*GIVEN INFORMATION*.
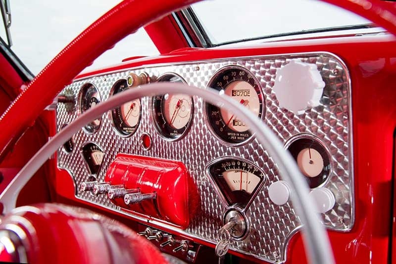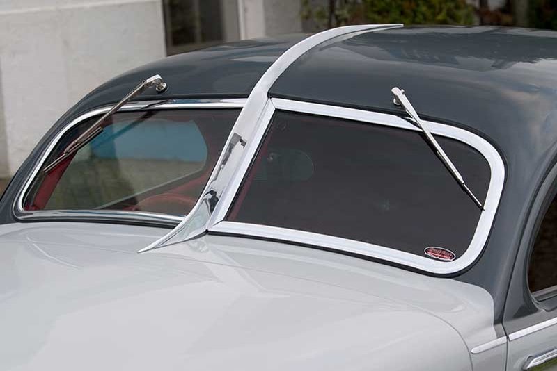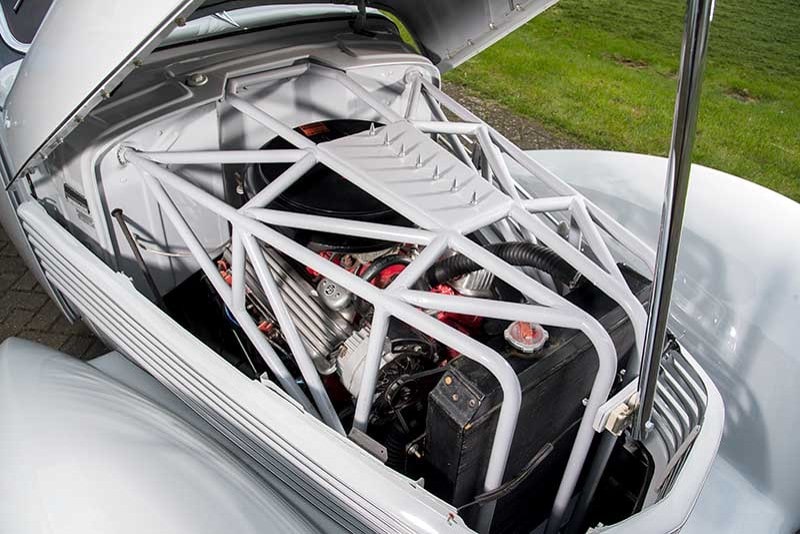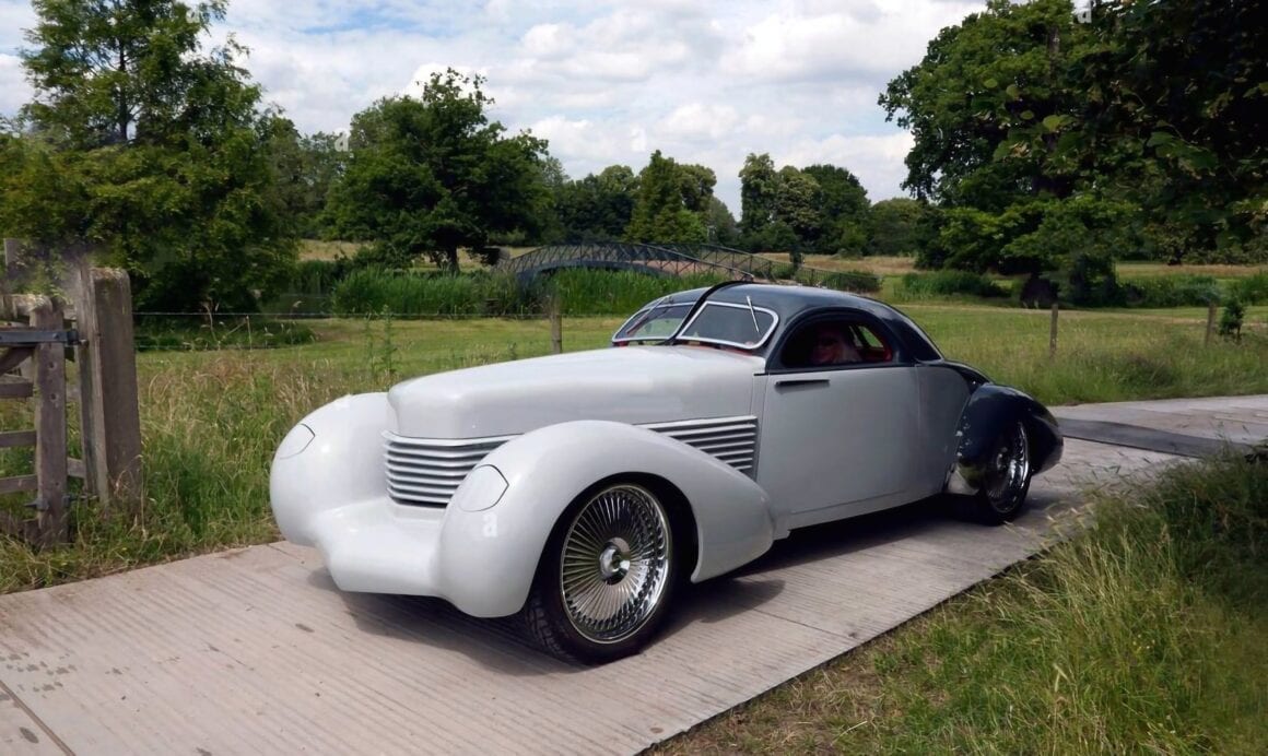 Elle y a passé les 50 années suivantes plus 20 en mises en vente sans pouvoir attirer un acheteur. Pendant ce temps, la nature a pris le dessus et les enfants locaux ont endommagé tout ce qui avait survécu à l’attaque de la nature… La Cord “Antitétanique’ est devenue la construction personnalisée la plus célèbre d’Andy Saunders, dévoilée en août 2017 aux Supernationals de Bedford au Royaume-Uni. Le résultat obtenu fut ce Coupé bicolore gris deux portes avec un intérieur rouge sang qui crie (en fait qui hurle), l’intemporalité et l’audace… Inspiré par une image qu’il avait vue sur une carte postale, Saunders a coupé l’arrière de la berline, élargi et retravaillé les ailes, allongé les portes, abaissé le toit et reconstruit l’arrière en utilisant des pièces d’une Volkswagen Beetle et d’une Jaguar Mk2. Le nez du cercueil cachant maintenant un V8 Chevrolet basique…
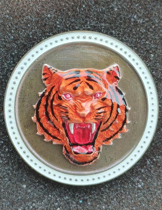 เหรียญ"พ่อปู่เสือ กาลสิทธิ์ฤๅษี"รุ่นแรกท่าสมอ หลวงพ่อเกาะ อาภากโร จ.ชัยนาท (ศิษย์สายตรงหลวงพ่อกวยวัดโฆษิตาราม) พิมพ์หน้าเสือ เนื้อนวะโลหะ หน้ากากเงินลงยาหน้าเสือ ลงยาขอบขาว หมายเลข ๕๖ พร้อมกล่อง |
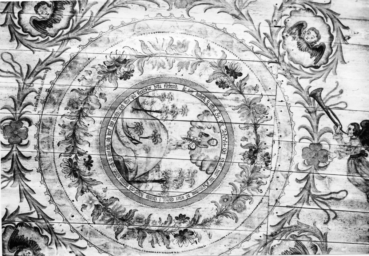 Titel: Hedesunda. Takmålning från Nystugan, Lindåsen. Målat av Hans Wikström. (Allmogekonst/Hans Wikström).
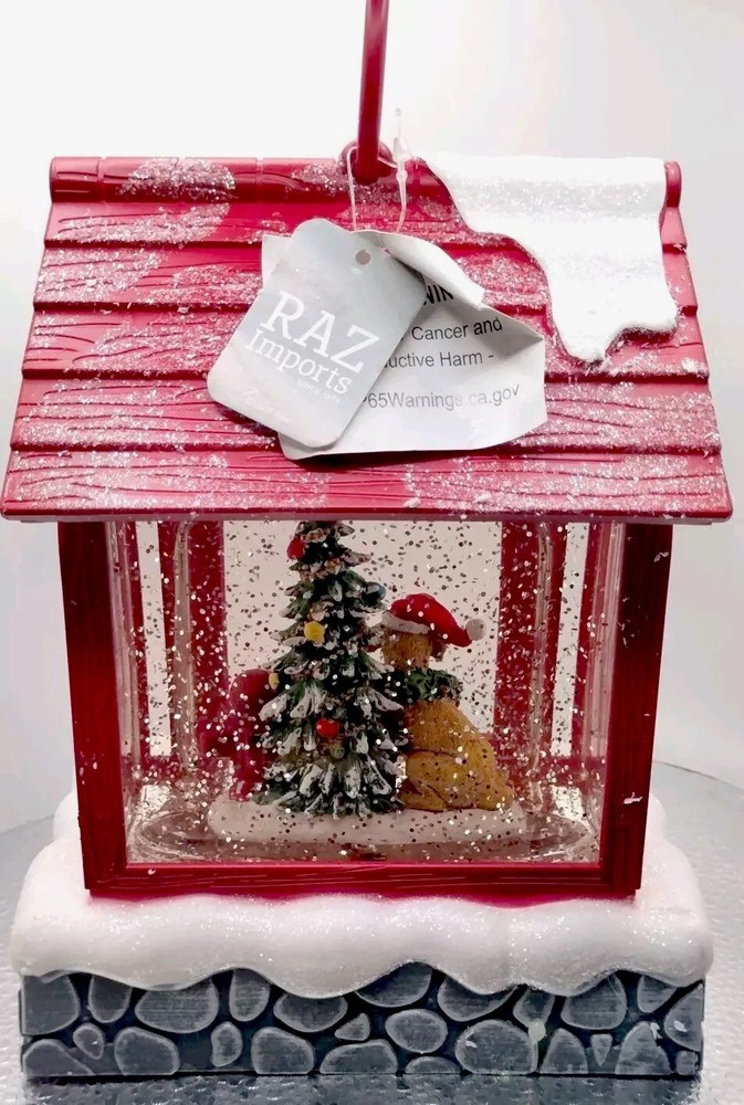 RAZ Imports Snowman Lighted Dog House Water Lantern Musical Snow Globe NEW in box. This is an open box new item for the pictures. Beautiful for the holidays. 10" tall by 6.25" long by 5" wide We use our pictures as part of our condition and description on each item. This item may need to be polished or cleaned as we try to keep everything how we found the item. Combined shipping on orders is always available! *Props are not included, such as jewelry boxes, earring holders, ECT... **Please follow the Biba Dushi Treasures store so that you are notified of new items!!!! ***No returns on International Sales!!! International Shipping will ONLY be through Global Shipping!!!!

*WHAT TO WORK ON*. From the first line to the last, retype the data exactly, but omit every image.

*THE ANSWER*.
 Elle y a passé les 50 années suivantes plus 20 en mises en vente sans pouvoir attirer un acheteur. Pendant ce temps, la nature a pris le dessus et les enfants locaux ont endommagé tout ce qui avait survécu à l’attaque de la nature… La Cord “Antitétanique’ est devenue la construction personnalisée la plus célèbre d’Andy Saunders, dévoilée en août 2017 aux Supernationals de Bedford au Royaume-Uni. Le résultat obtenu fut ce Coupé bicolore gris deux portes avec un intérieur rouge sang qui crie (en fait qui hurle), l’intemporalité et l’audace… Inspiré par une image qu’il avait vue sur une carte postale, Saunders a coupé l’arrière de la berline, élargi et retravaillé les ailes, allongé les portes, abaissé le toit et reconstruit l’arrière en utilisant des pièces d’une Volkswagen Beetle et d’une Jaguar Mk2. Le nez du cercueil cachant maintenant un V8 Chevrolet basique…
 เหรียญ"พ่อปู่เสือ กาลสิทธิ์ฤๅษี"รุ่นแรกท่าสมอ หลวงพ่อเกาะ อาภากโร จ.ชัยนาท (ศิษย์สายตรงหลวงพ่อกวยวัดโฆษิตาราม) พิมพ์หน้าเสือ เนื้อนวะโลหะ หน้ากากเงินลงยาหน้าเสือ ลงยาขอบขาว หมายเลข ๕๖ พร้อมกล่อง |
 Titel: Hedesunda. Takmålning från Nystugan, Lindåsen. Målat av Hans Wikström. (Allmogekonst/Hans Wikström).
 RAZ Imports Snowman Lighted Dog House Water Lantern Musical Snow Globe NEW in box. This is an open box new item for the pictures. Beautiful for the holidays. 10" tall by 6.25" long by 5" wide We use our pictures as part of our condition and description on each item. This item may need to be polished or cleaned as we try to keep everything how we found the item. Combined shipping on orders is always available! *Props are not included, such as jewelry boxes, earring holders, ECT... **Please follow the Biba Dushi Treasures store so that you are notified of new items!!!! ***No returns on International Sales!!! International Shipping will ONLY be through Global Shipping!!!!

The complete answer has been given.